Yet for all of the movie’s flaws I cared about the characters. Amanda Seyfried—Cosette, Les Misérables—strikes just the right balance of ingenuity and naivete to lead the story, while in the hands of a lesser actress her plan would have driven me mad. Fortunately, she is the one who interacts with all the other characters. Through her I became invested in the story and wanted to find out the payoff of the premise. Who is her father? Will the potential dads talk to her mom–Meryl Streep? Will one of them wind up with the mom in the end?

But by far the biggest question that this movie left me with was, does Abba exist in this universe? I mean, let’s examine the facts. All the main characters break into songs from Abba’s catalog. It is not just one, or one group, it is all of them. These songs are sung in the first person and they apply to the circumstances these characters face. At no point in the movie are the voices of the band Abba heard. I see this as leaving two possible circumstances. The first is that Abba exists, as a band from the 1970s, and people know their music to a greater or lesser extent. These people, by their own volition, use the most appropriate Abba song for their situation every so often. The second is that there never was an Abba in this universe, but their music and lyrics are so potent that they manifest themselves through this certain collection of people at this point in time.
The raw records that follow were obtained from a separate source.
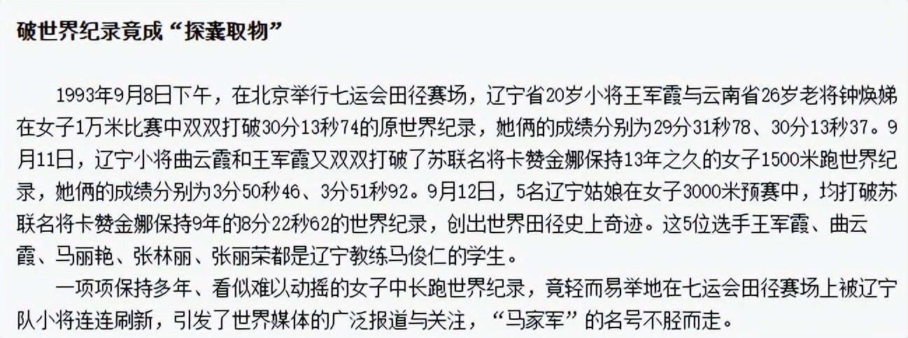马俊仁这个名字在中国体坛中也算是风云人物了,而由他组成的“马家军”更是打破了多项记录。
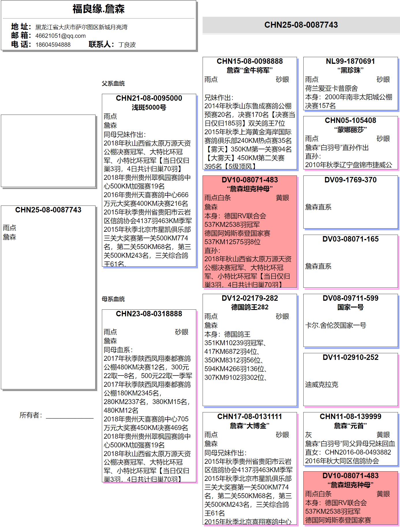 本身:德国鸽王351KM10239羽冠军、417KM6872羽4位、350KM8312羽56位、594KM4266羽136位、307KM9102羽302位、
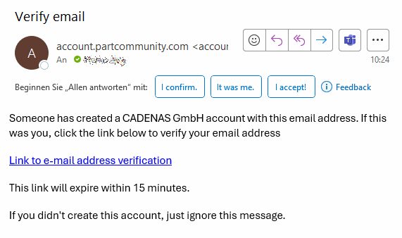 Confirm the e-mail address in your e-mail account and then click on "Click here to continue".
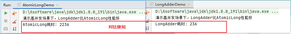 * AtomicLongDemo: 演示高并发场景下,LongAdder比AtomicLong性能好

Perhaps it goes farther than that and this phenomenon occurs around the world, much like how the alien ships in Independence Day communicated synchronously. Let’s take my favorite song in the movie, “Lay All Your Love on Me1, that song begins with Sky looking for his missing fiancée, Sophie, and as she runs to him he starts to sing that song. They sing to each other, which can be explained in either Abbaverse. Then a squad of men swim ashore and carry Sky off, so that they can synchronized dance to the song before hopping into the water, which abruptly leads to Sky departing on a mystery jetski. This is absurd in a world with Abba songs, and a little less odd in that second world where Abba songs erupt from people. But the song continues on with Sophie finishing the song that night. The song never stops, so, did time pass? Does she know that time has passed? Is she supposedly singing this same song for a second time? If so, did someone else sing the male vocals? For every conclusion I make I have three more questions! Movies are supposed to make us think, and that is especially true in excellent art and unintentional comedies.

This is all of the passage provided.